Suppose that $d$ has weight $w$, and is $m$ bits wide. @Antimony already explained how to break it in $m \choose w$ time. I'll show how to break it even faster, using a birthday-style technique. My algorithm takes about $2.5 \sqrt{w} {m/2 \choose w/2}$ time, which is quite a bit faster. For instance, if $d$ is a 1024-bit exponent with Hamming weight 10, then @Antimony's method will take about $2^{78}$ steps of computation, whereas my method will take about $2^{41}$ steps of computation.

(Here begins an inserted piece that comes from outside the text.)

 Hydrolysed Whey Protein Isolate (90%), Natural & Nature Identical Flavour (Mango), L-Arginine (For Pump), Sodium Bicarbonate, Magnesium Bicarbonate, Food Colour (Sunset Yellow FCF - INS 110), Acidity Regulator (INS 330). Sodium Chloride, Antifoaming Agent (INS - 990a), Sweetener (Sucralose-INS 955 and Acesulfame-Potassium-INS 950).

Start by writing $d=d'+d''$, where $d'$ has its low $m/2$ bits all zero, and $d''$ has its high $m/2$ bits all zero. We'll hope that both $d'$ and $d''$ have Hamming weight $w/2$ (this happens with probability about ${w \choose w/2}/2^w$, which is fairly large; I'll describe later how to remove this requirement).

Pick a random value $x$, and let $y=x^e$. Note that $$y^d = x.$$ It follows that $$y^{d'} = x/y^{d''}.$$ My algorithm will iterative over all possible values of $d'$, and store the corresponding value of $y^{d'}$ in a hash table. Then, it will iterate over all possible values of $d''$, and look up $x/y^{d''}$ in the hash table. If it finds a match in the hashtable, then it has found both $d$ and $d''$, and thus recovered the private exponent $d=d'+d''$.

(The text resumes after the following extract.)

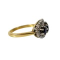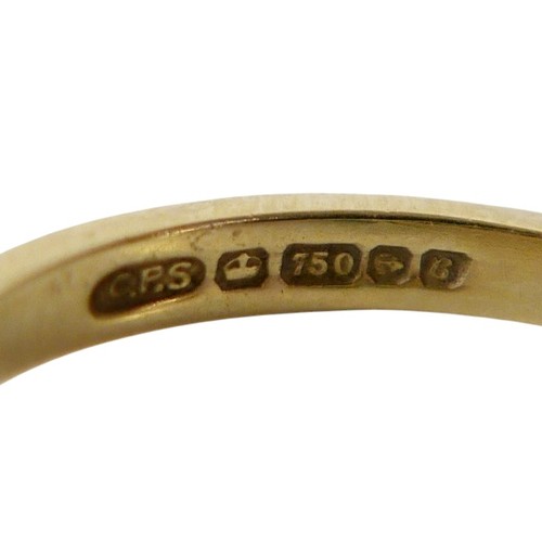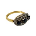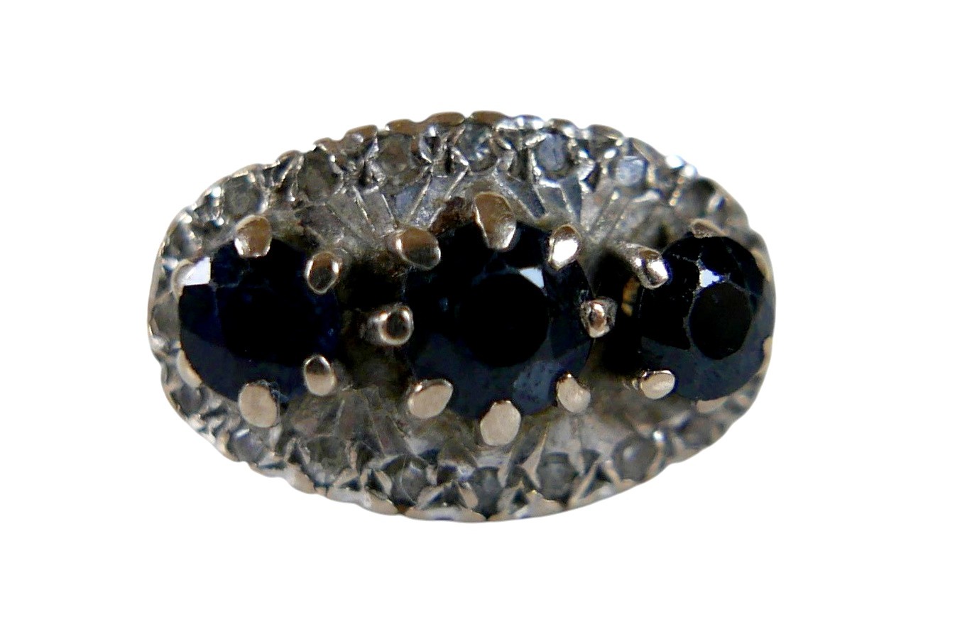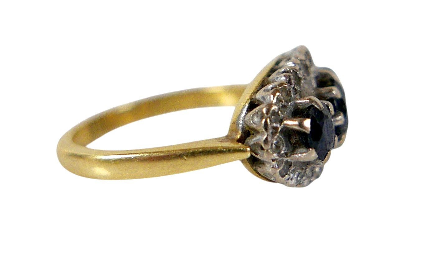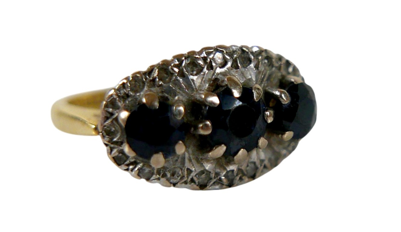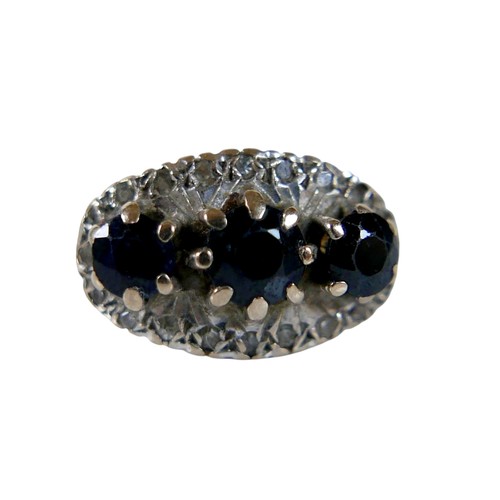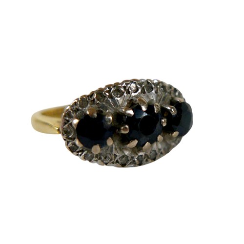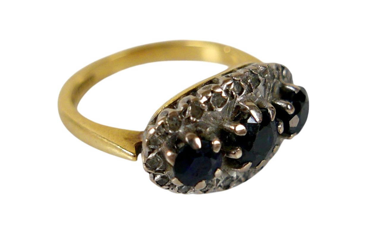An 18ct gold three stone blue sapphire ring, central stone approximately 5mm diameter, flanked by two 4mm diameter stone, size L, 5.7g.

The running time is $m/2 \choose w/2$ steps to populate the hashtable, and another $m/2 \choose w/2$ steps to look up entries, for a total running time of $2 {m/2 \choose w/2}$.

What's the success probability? This succeeds if half of the 1-bits of $d$ fall in its high $m/2$ bits, and half fall in the low $m/2$ bits. This happens with probability ${w \choose w/2}/2^w$, so this algorithm succeeds in recovering $d$ with probability about ${w \choose w/2}/2^w$. Using Stirling's formula, the success probability is about $1/\sqrt{\pi w/2}$.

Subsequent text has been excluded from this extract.